### ASSIGNMENT
What is needed is a faithful copy of all the entries, with no pictures in it.

[EXERCISE DATA — start]

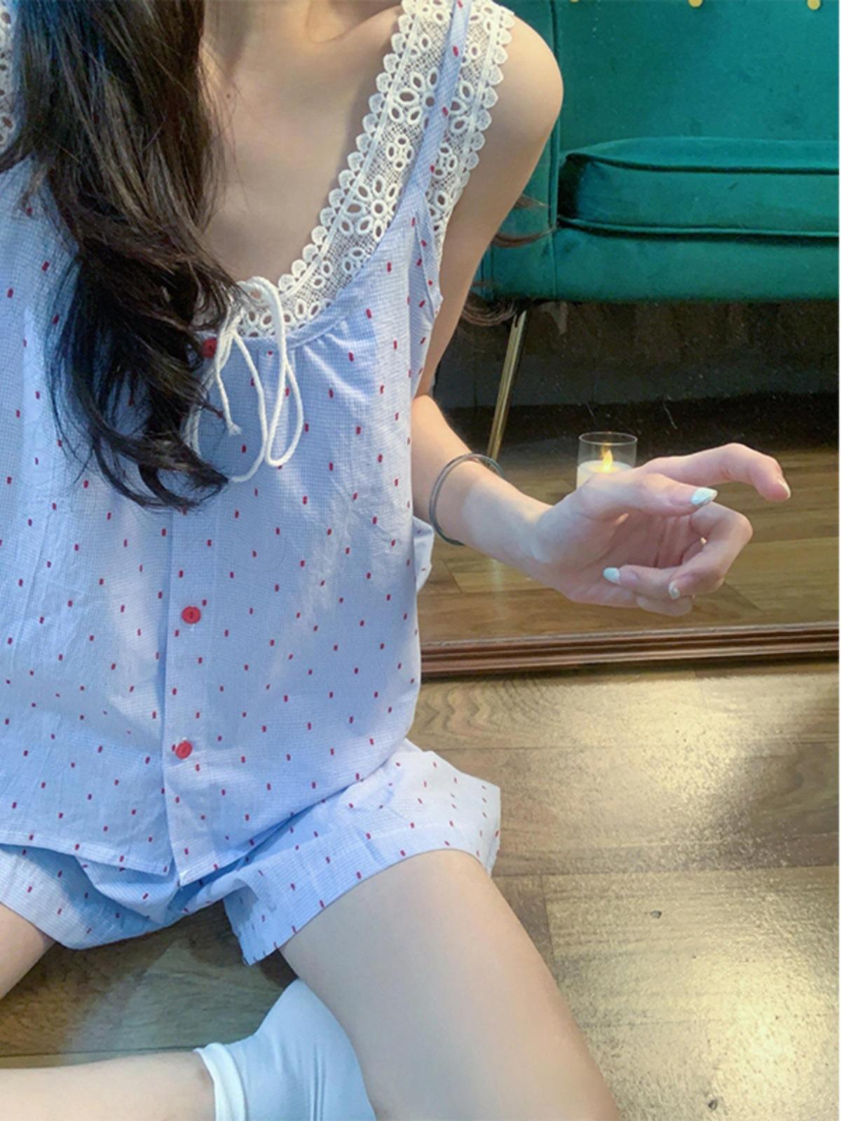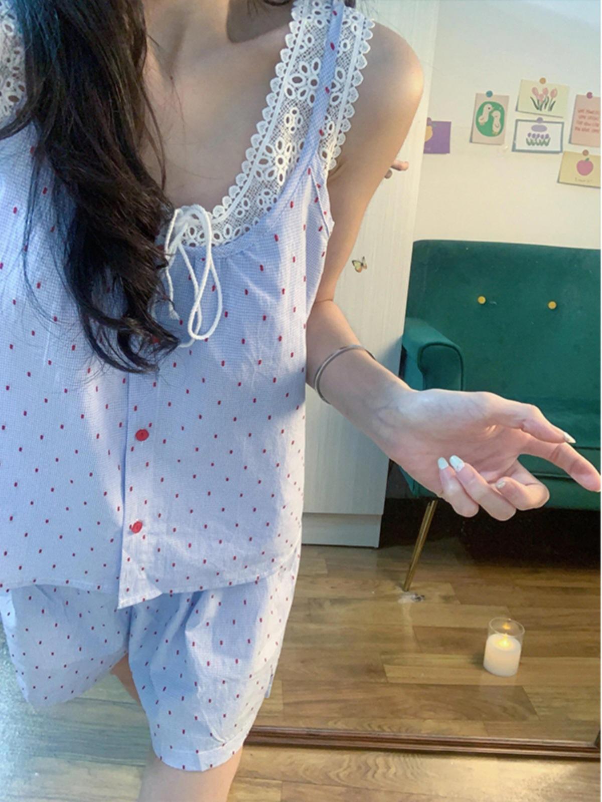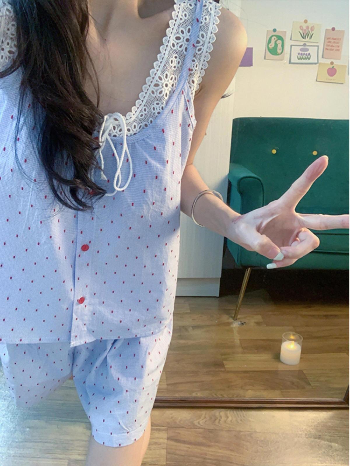 Pijama de encaje con estampado de lunares y ondas para niña, conjunto de dos piezas para mujer, primavera y verano, nuevo estilo, para el hogar
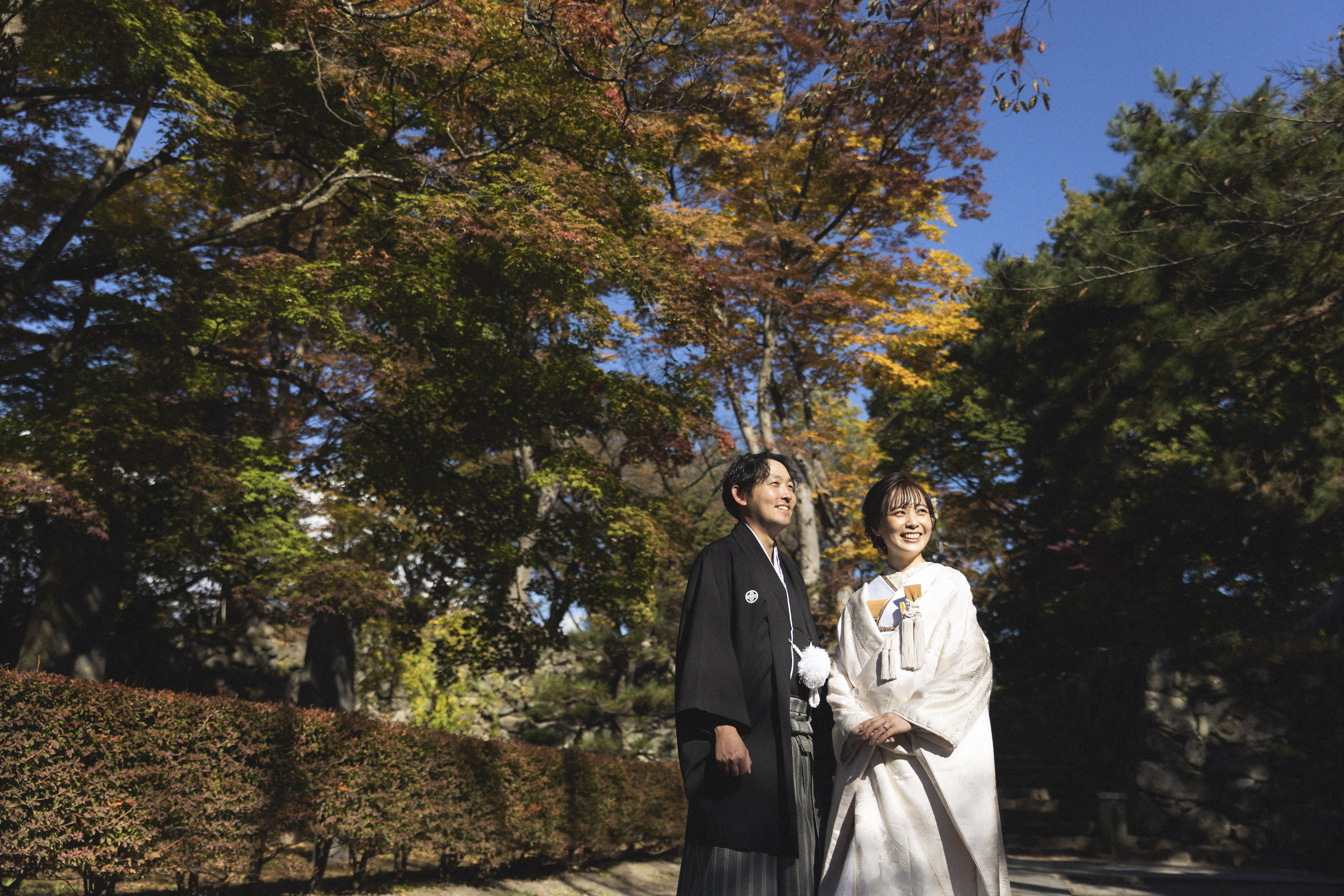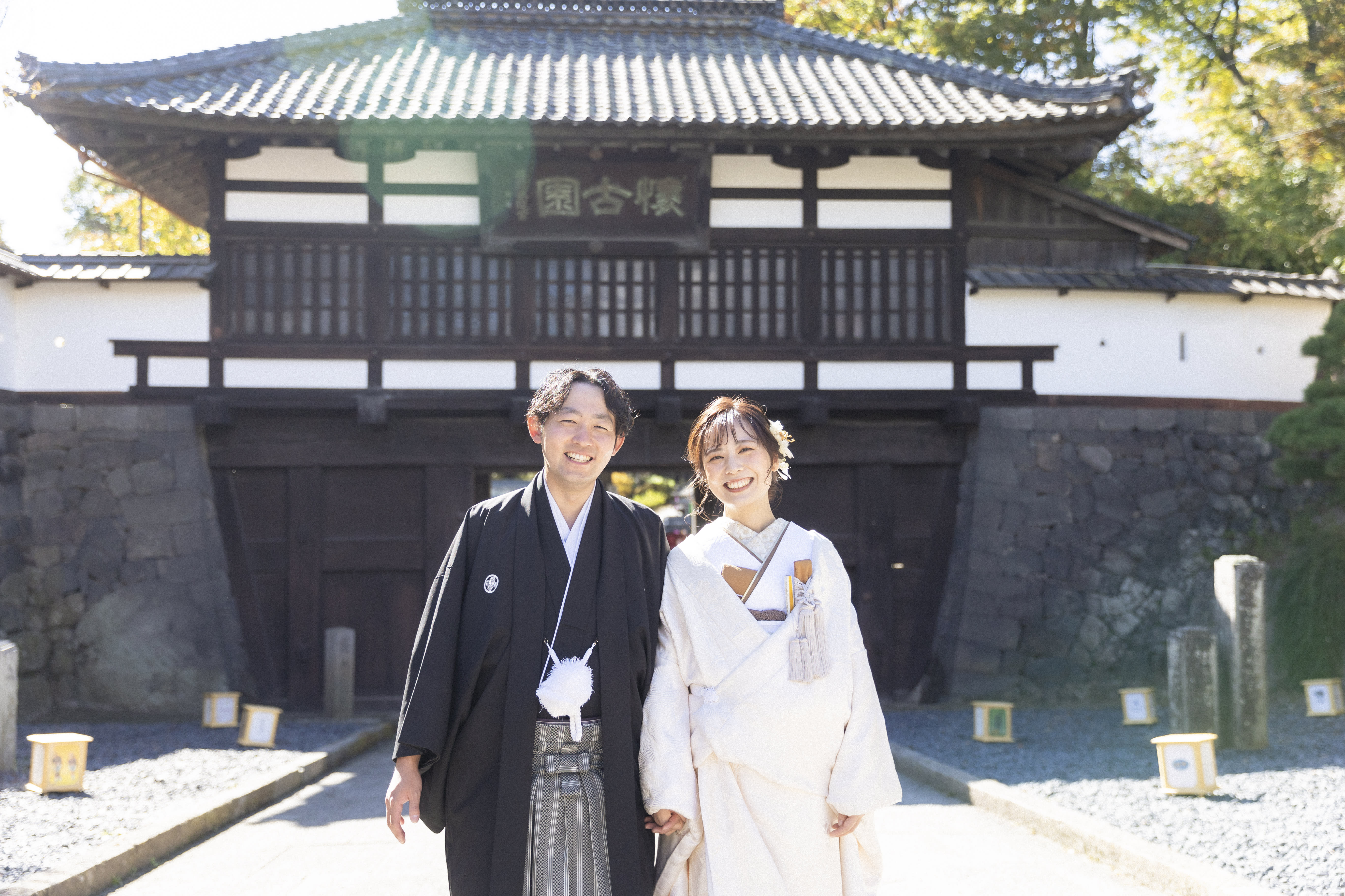 本格日本庭園を再現したスタジオで撮る 和装の結婚写真
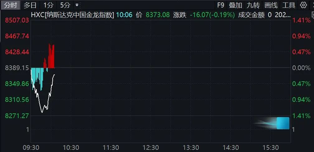 中概股多数走弱,纳斯达克中国金龙指数一度跳水跌逾1%,不过随后拉升收窄跌幅,截至发稿,跌0.19%。
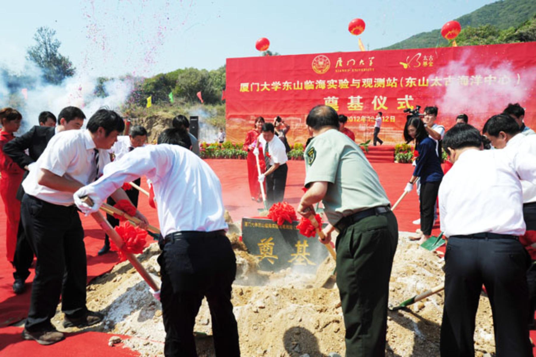 10月12日上午,我校在漳州东山县举行东山临海实验与观测站(东山太古海洋中心)(以下简称“海洋站”)奠基仪式。国家海洋局人事司巡视员、副司长周金弟,漳州市委常委、漳州市军分区政委刘茂青,东山县委书记张翼腾、县长黄水木,太古(中国)有限公司驻中国高级代表严为、公共事务经理梁巧颖,厦门大学张颖副校长及相关职能部门负责人,近海海洋环境科学国家重点实验室主任、海洋与地球学院院长戴民汉、海洋与地球学院吴立武书记、郑爱榕副院长、陈国强副书记、廖志丹副书记以及环境与生态学院的教师及学生代表参加了奠基仪式。厦门大学科技处处长李清彪主持仪式。
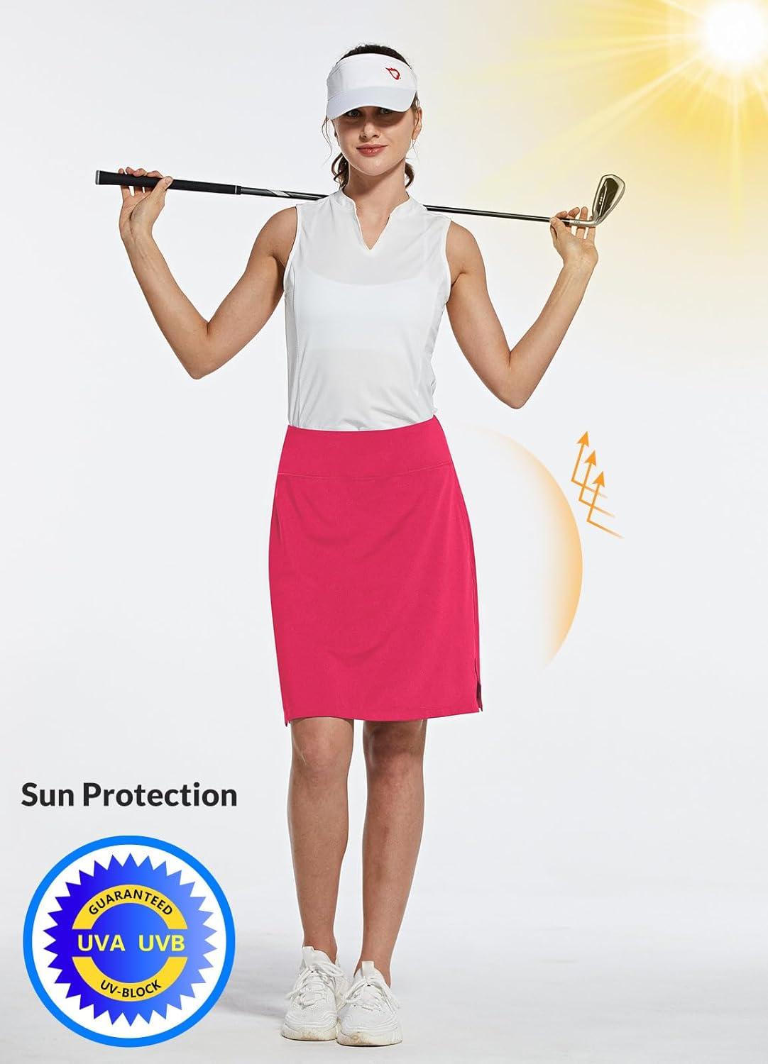 imagebaleaf Womens 20 Knee Length Golf Skorts Long Athletic Tennis Skirts for Women Active Casual Pockets UV Protection01deep Pink

[EXERCISE DATA — finish]

### ANSWER SECTION
 Pijama de encaje con estampado de lunares y ondas para niña, conjunto de dos piezas para mujer, primavera y verano, nuevo estilo, para el hogar
 本格日本庭園を再現したスタジオで撮る 和装の結婚写真
 中概股多数走弱,纳斯达克中国金龙指数一度跳水跌逾1%,不过随后拉升收窄跌幅,截至发稿,跌0.19%。
 10月12日上午,我校在漳州东山县举行东山临海实验与观测站(东山太古海洋中心)(以下简称“海洋站”)奠基仪式。国家海洋局人事司巡视员、副司长周金弟,漳州市委常委、漳州市军分区政委刘茂青,东山县委书记张翼腾、县长黄水木,太古(中国)有限公司驻中国高级代表严为、公共事务经理梁巧颖,厦门大学张颖副校长及相关职能部门负责人,近海海洋环境科学国家重点实验室主任、海洋与地球学院院长戴民汉、海洋与地球学院吴立武书记、郑爱榕副院长、陈国强副书记、廖志丹副书记以及环境与生态学院的教师及学生代表参加了奠基仪式。厦门大学科技处处长李清彪主持仪式。
 imagebaleaf Womens 20 Knee Length Golf Skorts Long Athletic Tennis Skirts for Women Active Casual Pockets UV Protection01deep Pink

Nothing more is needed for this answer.